LOS ANGELES, California (CNN) -- NBC host Jay Leno is going back to late nights after a low-rated, three-month experiment in prime time, the network announced Sunday.
Leno's prime-time talk show, which debuted in September, "didn't meet affiliates' needs," said Jeff Gaspin, chairman of NBC Universal Television Entertainment. The program will go off the air February 12, when the 2010 Winter Olympics begin.
The network is now negotiating among Leno and its current late-night hosts, Conan O'Brien and Jimmy Fallon, to decide who ends up with which time slot, Gaspin said.
O'Brien took over NBC's flagship "Tonight Show" when Leno moved to 10 p.m. ET in September. Fallon took over O'Brien's former show, "Late Night."
Gaspin said the plan now is for Leno to host a new, half-hour show at 11:35 p.m. ET, followed by "Tonight" with O'Brien at 12:05 a.m. and Fallon's show moving to the 1 a.m. hour. The goal is to keep all three hosts, but nothing was a done deal as of Sunday, he said.
Reports of the shakeup first emerged last week. Leno dismissed them on his Thursday night show, telling his audience, "It's always been my experience NBC only cancels you when you're in first place."
Leno's move to prime time was a risk for NBC, because it put a talk show up against scripted prime-time shows and ran it five days a week. Network spokeswoman Rebecca Marks said last week that Leno performed "exactly as we anticipated on the network."
But for NBC's affiliates, Leno's low ratings were taking viewers -- and the resulting ad dollars -- away from their late local newscasts.

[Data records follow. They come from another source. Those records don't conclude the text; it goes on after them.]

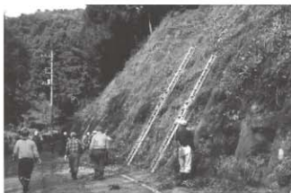
▲麦原部会 戸口昭一(令和元年度部会長) 麦原川整備事業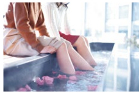
ガーデンで採れた、季節のハーブが浮かぶハーブの足湯でリラックスタイムを。

見た目も美しいハーブ料理を。好みの香りを探すエッセンシャルオイルの香りくらべ、ハーブを取り入れたワークショッなど、五感で楽しめる様々なイベントがスタンプ。夜はライトアップ(土日祝限定)もさ。昼とは異なる幻想的な空間に。生命力に満ちた新緑の森や、色彩溢れるガーデンで春の香りを感じながら、素敵な時間を過ごしてみよう。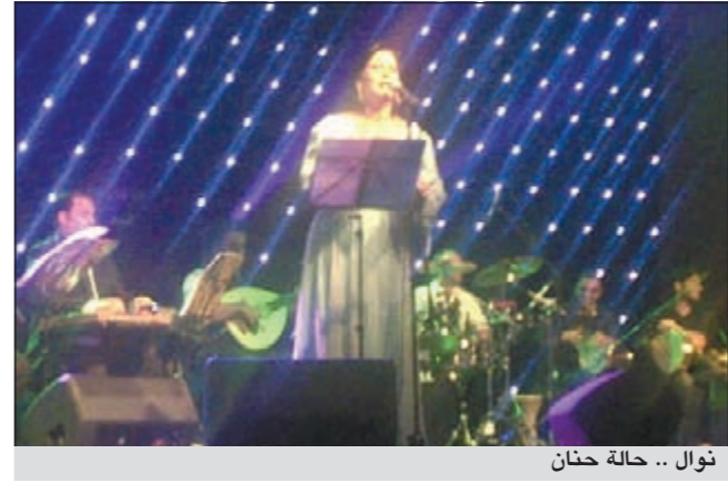
نوال .. حالة حنان

في الكويت، حيث غنى «طلع عاشق» و«خلوني» و«فرحة حماسة» بالإضافة الى أغنية عراقية «بعد ما ريك انطاك».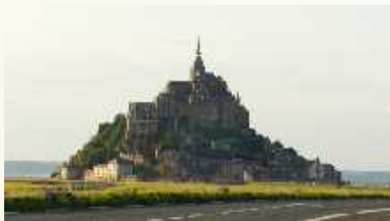
Mosteiro São Miguel.

"The 11 o'clock news hours were bleeding ratings," said Stuart Levine, an analyst for the entertainment trade paper Variety. While NBC appeared to be fine with Leno's numbers, "The affiliates kind of revolted and said we have to have better ratings."
Michael Fiorile, the chairman of NBC's affiliate board, called the decision announced Sunday "a great move for the affiliates, the network and, most importantly, the viewers."
"We admire their willingness to innovate, and their willingness to change course when it didn't work for us," Fiorile said in a written statement.
For NBC, which had promised to give Leno a full year in the 10 p.m. time slot, "It's certainly a little bit of egg on the face," Levine said. Mediaweek analyst Marc Berman called the network's gamble on Leno "the biggest fiasco in the history of television."
"What they didn't realize was that the people who watched Leno in late night were not necessarily the same people who watched in prime time, so there was no reason to believe that his audience would follow him to prime time," Berman said. Meanwhile, the O'Brien-helmed "Tonight" lost about half its audience "and actually really hurt late night, which is a big profit center for NBC."
Meanwhile, moving "Tonight" -- which has held its current slot for decades -- back a half-hour is likely to hurt the show, and Berman predicted that NBC will be unable to keep all three hosts.
"My guess is down the road, they will give back Leno the Tonight Show, leave it on on at 11:35 p.m. and Conan will move to Fox," he said. "But if I was either one of those gentlemen, I would be looking elsewhere right now."